*About this exercise:* Only the tail of the listing is wanted: the line containing "デザイン: くま耳付きボンネ" and all after it, repeated exactly, pictures omitted.

*Information given:*
- - -

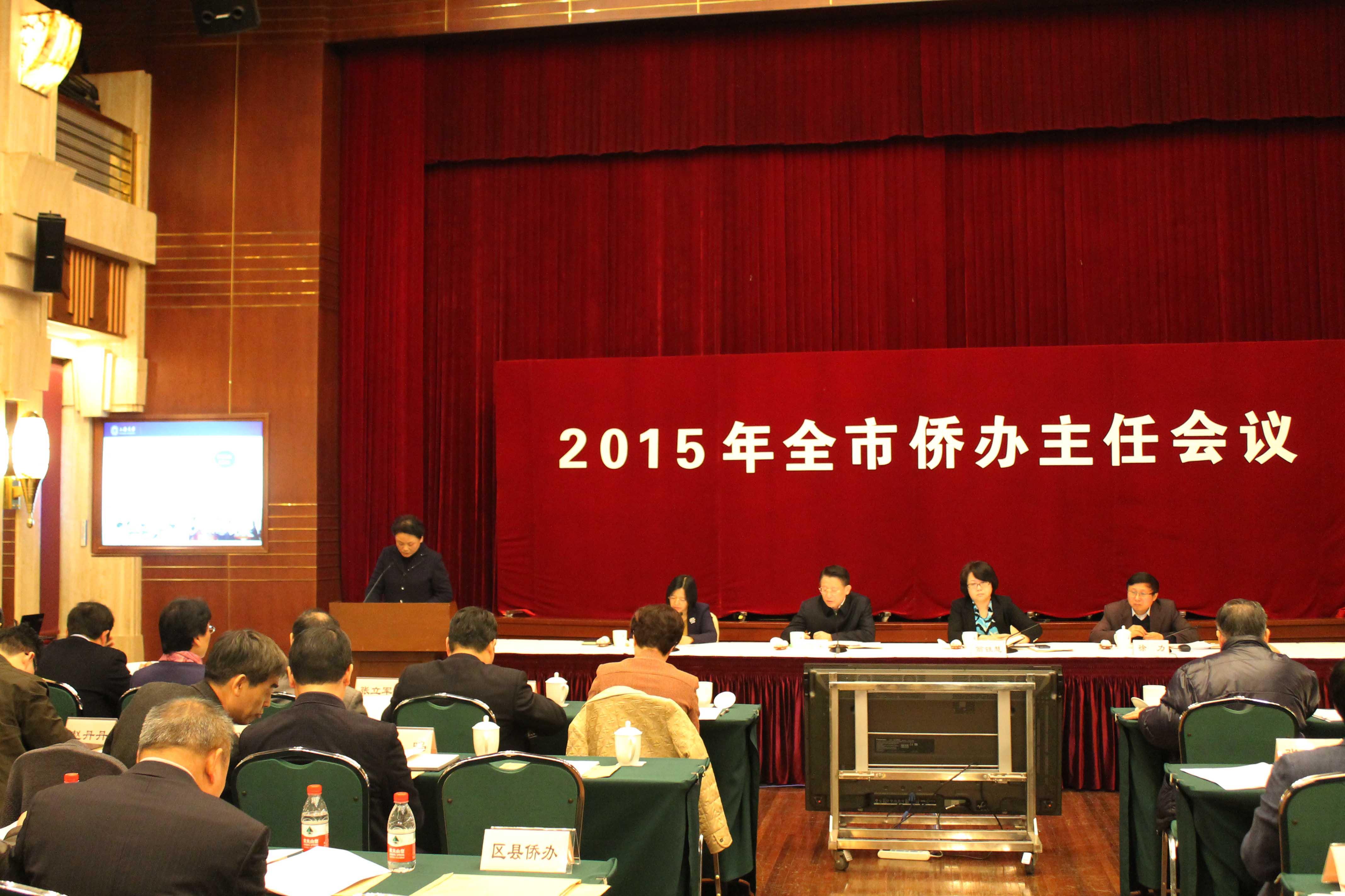 为认真学习贯彻党的十八届三中、四中全会精神和习近平总书记系列重要讲话精神,以“四个全面”战略布局为引领,全面部署2015年上海侨务工作,上海市政府侨办于3月24日在市委统战部会议中心召开2015年全市侨办主任会议。市委常委、统战部部长沙海林,副市长翁铁慧出席会议并讲话。市政府副秘书长宗明主持会议。市政府侨办主任徐力做工作报告。全市各有关涉侨部门负责人,各区县、大口、高校、重点联系单位分管领导和全市侨务干部约150人参加了会议。
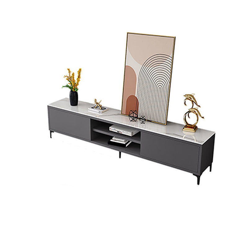 Console de télévision de rangement ouvert et noir en ardoise avec 2 portes
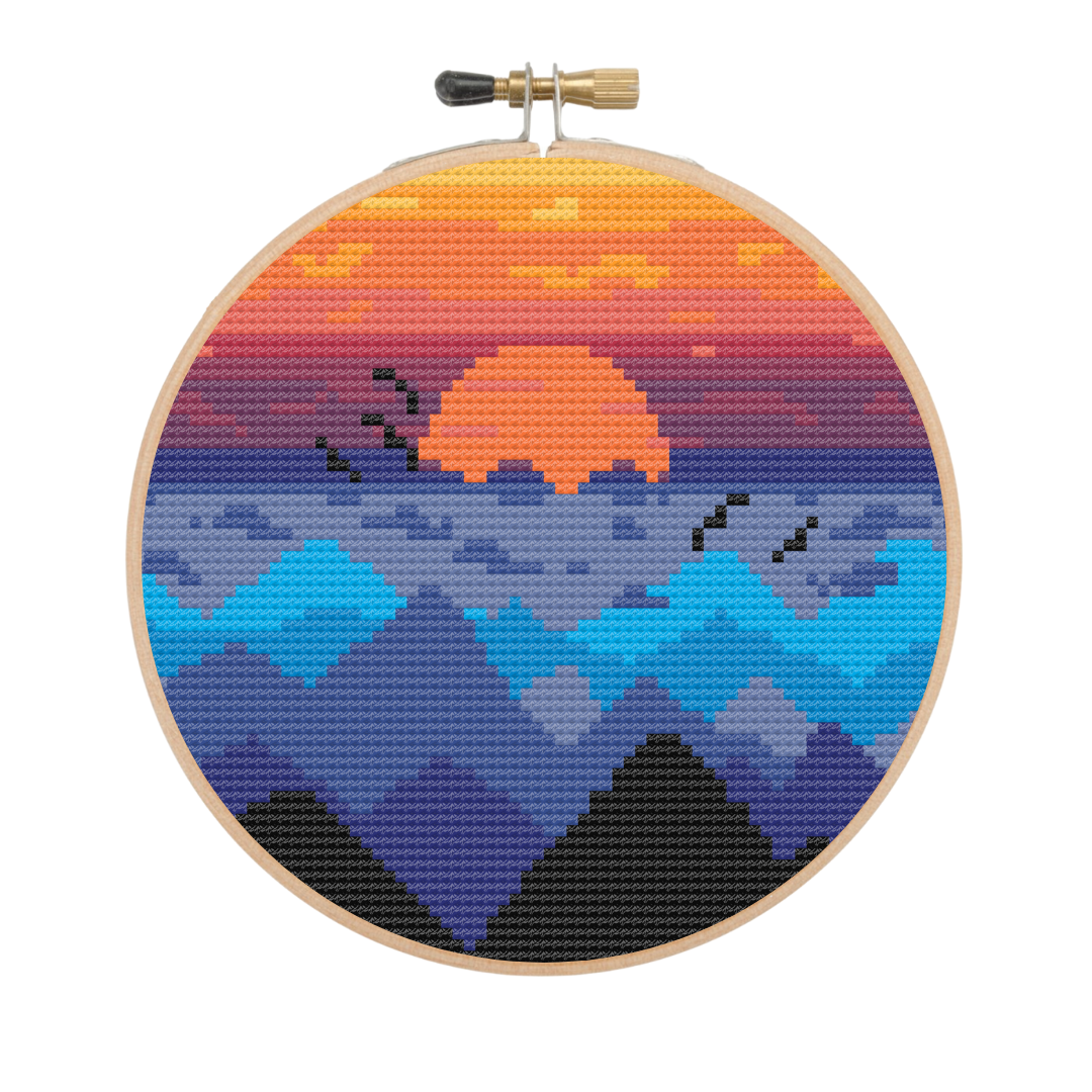 This mountain embroidery pattern is perfect for beginners because you only use full cross stitches. Cross stitch is an embroidery stitch that's easy to master. The Dutch instructions explain how to create beautiful embroidery from start to finish. Size: Embroidered on 14-count aida, the embroidery measures 13.7 x 13.7 cm. When finished, the embroidery will look best in a 13 cm hoop. The hoop will then cover a slightly larger section of the piece. This is a deliberate design, as it creates a beautifully full effect!You will find this in your download:
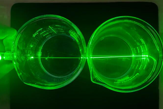 通過用廉價(jià)的綠色激光筆照射經(jīng)過納米氣泡處理的去離子水樣品,可以很容易地觀察液體中產(chǎn)生的納米氣泡。使用透明燒杯,可以采集含有納米氣泡的液體樣品以及沒有納米氣泡的去離子水的第二個(gè)對(duì)照樣品。激光筆射入水中的光線會(huì)發(fā)出熒光。光越亮(與對(duì)照樣品相比),納米氣泡的濃度越高,因?yàn)楣鈴乃械募{米氣泡折射而出。這是找出你是否產(chǎn)生了任何納米氣泡的快速方法。
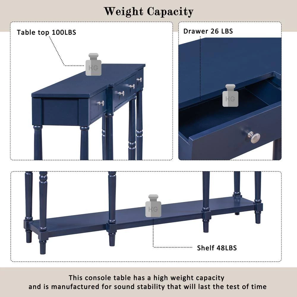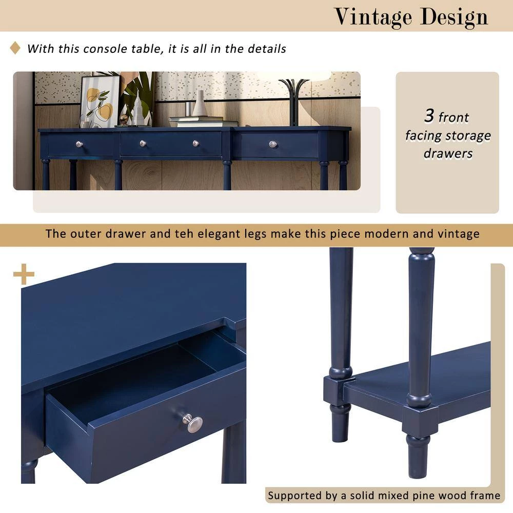 - Storage options, built for premium functionality and design, console table manufactured to be a utilized home staple with plenty of storage options to choose from, featuring 3 front facing storage drawers for smaller items and a spacious bottom shelf and upper countertop for displaying your favorite decor
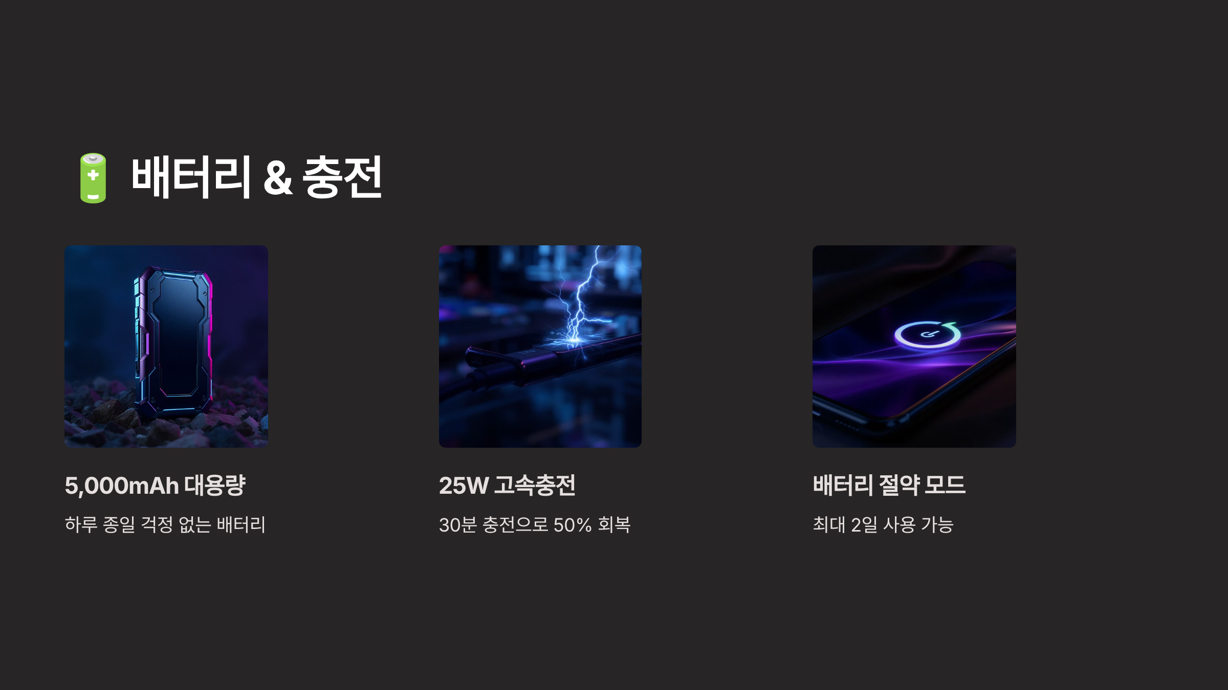 | 배터리 | 5000mAh | 25W 고속충전 지원 |
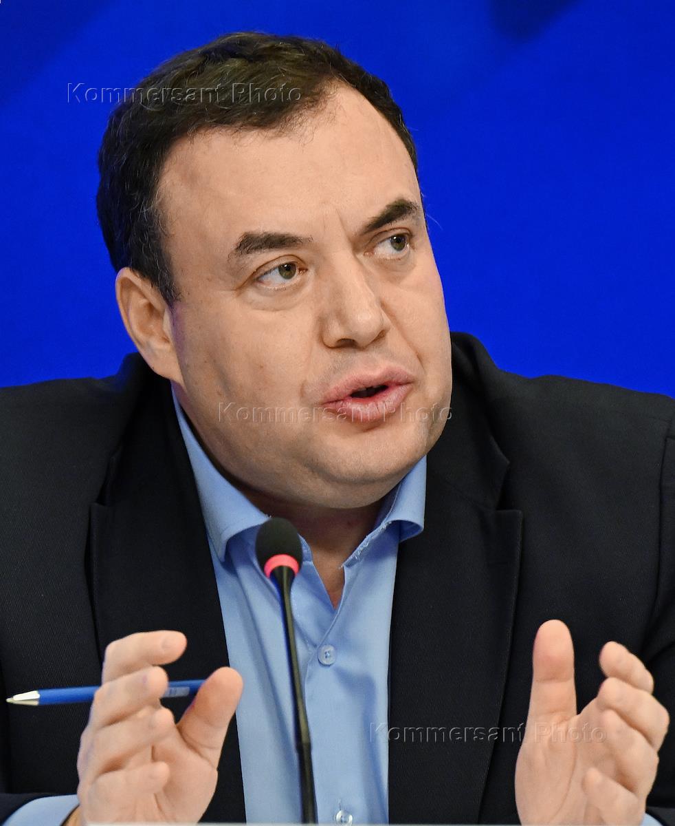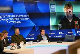 Пресс-конференция на тему: "Преступления киевского неонацистского режима в Угледаре" в МИА "Россия сегодня". Член Общественной палаты России Максим Григорьев во время пресс-конференции.
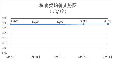 粮食类商品价格基本平稳。上周所监测的6种粮食商品价格环比1涨5平,综合零售均价为3.293元/斤,环比上涨0.05%。其中:丝苗米、油粘米、标准粉零售均价分别为每斤3.46元、3.42元、3.16元,环比分别持平、持平、上涨0.32%。
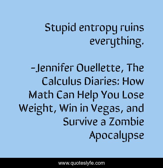 "Jennifer Ouellette, The Calculus Diaries: How Math Can Help You Lose Weight, Win in Vegas, and Survive a Zombie Apocalypse Quotes." Quoteslyfe.com, 2025. Mon. 08 Dec. 2025. <https://www.quoteslyfe.com/quote/Stupid-entropy-ruins-everything-149457>.
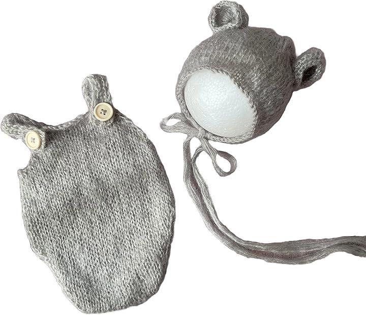 デザイン: くま耳付きボンネットとオーバーオールの2点セット、新生児の記念撮影に最適な可愛らしいコーディネート
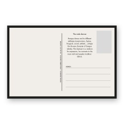 Souvenir Postcard of “Dantzari Mutila” (the male dancer) silhouette printed on 300gr canvas colored paper, size 100 x 150 mm. French version of the explicative text for the silhouette can be found on the backside.
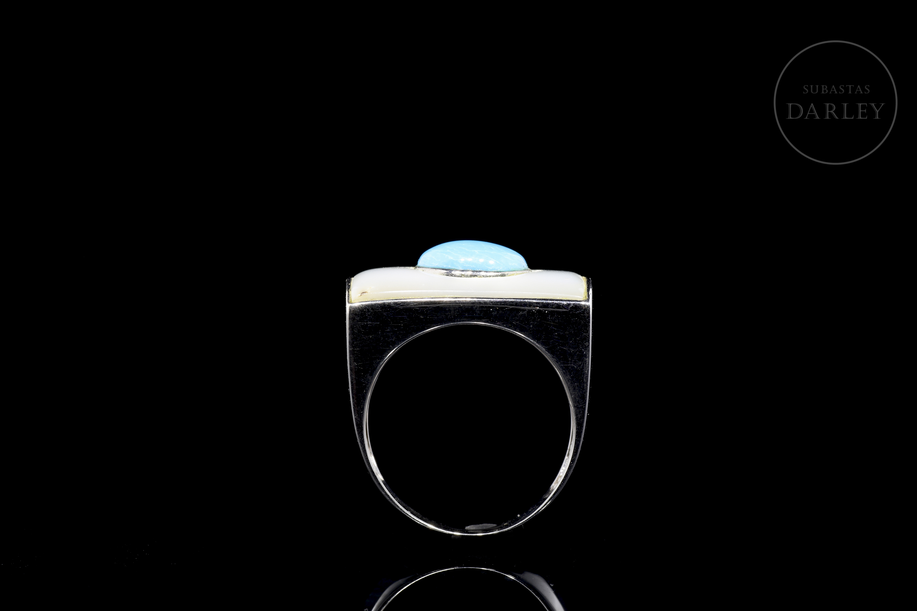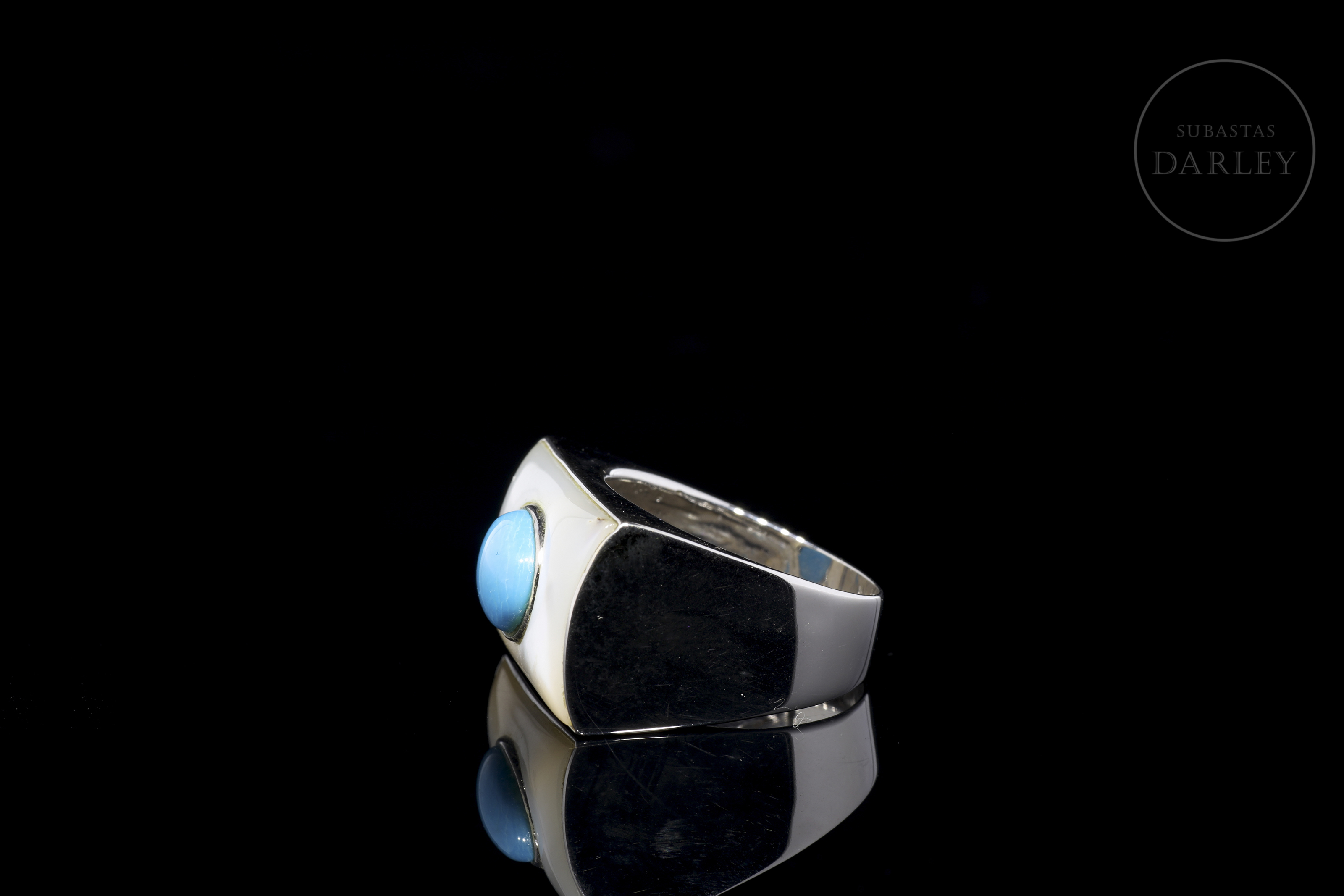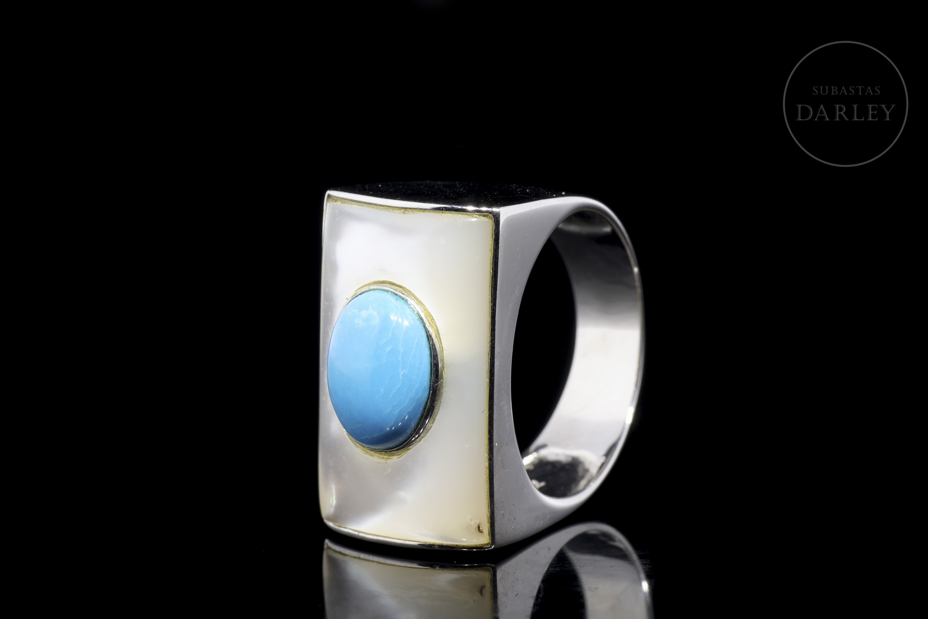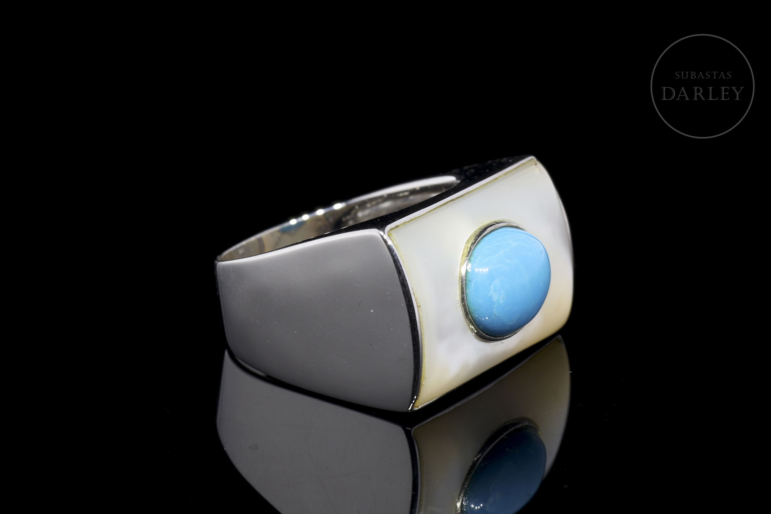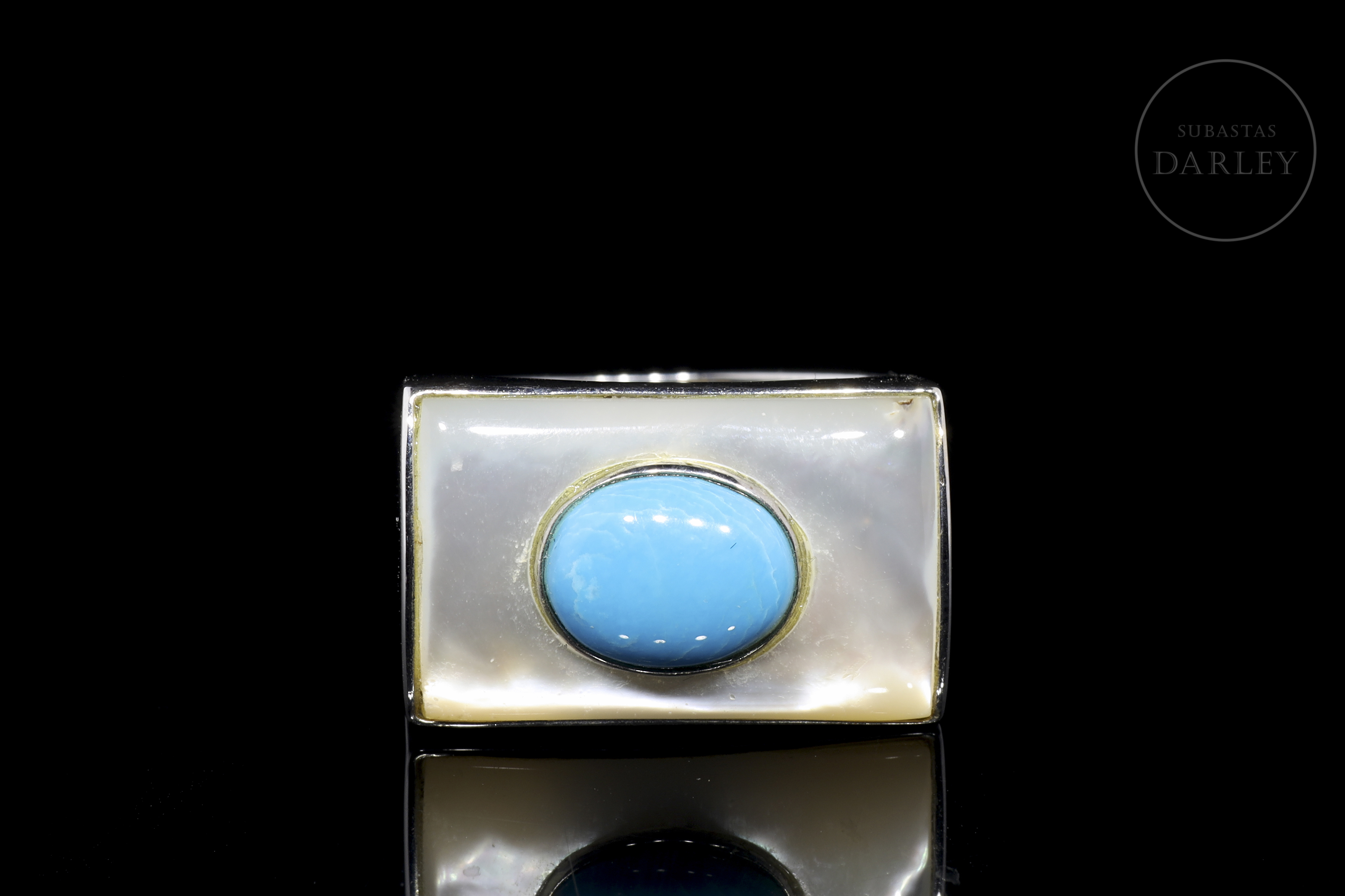 Modelo sello de brazo ancho en definición y frontal rectangular, decorado con una madreperla natural, que encierra en su centro una turquesa ovalada rodeada por un fino bisel en brillo.
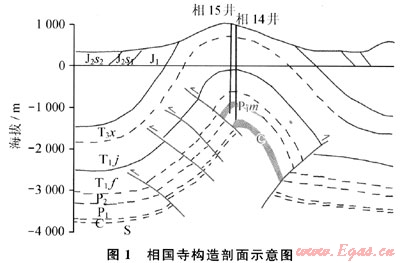 1) 相國寺石炭系氣藏構(gòu)造形態(tài)為狹長梳狀背斜。構(gòu)造兩翼均發(fā)育有大型傾軸逆斷層,斷層向上消失于須家河組,向下則斷達(dá)志留系,斷層未破壞構(gòu)造、地層的完整性,對氣藏起到封閉作用(圖1)。

- - -

*Answer box:*
 デザイン: くま耳付きボンネットとオーバーオールの2点セット、新生児の記念撮影に最適な可愛らしいコーディネート
 Souvenir Postcard of “Dantzari Mutila” (the male dancer) silhouette printed on 300gr canvas colored paper, size 100 x 150 mm. French version of the explicative text for the silhouette can be found on the backside.
 Modelo sello de brazo ancho en definición y frontal rectangular, decorado con una madreperla natural, que encierra en su centro una turquesa ovalada rodeada por un fino bisel en brillo.
 1) 相國寺石炭系氣藏構(gòu)造形態(tài)為狹長梳狀背斜。構(gòu)造兩翼均發(fā)育有大型傾軸逆斷層,斷層向上消失于須家河組,向下則斷達(dá)志留系,斷層未破壞構(gòu)造、地層的完整性,對氣藏起到封閉作用(圖1)。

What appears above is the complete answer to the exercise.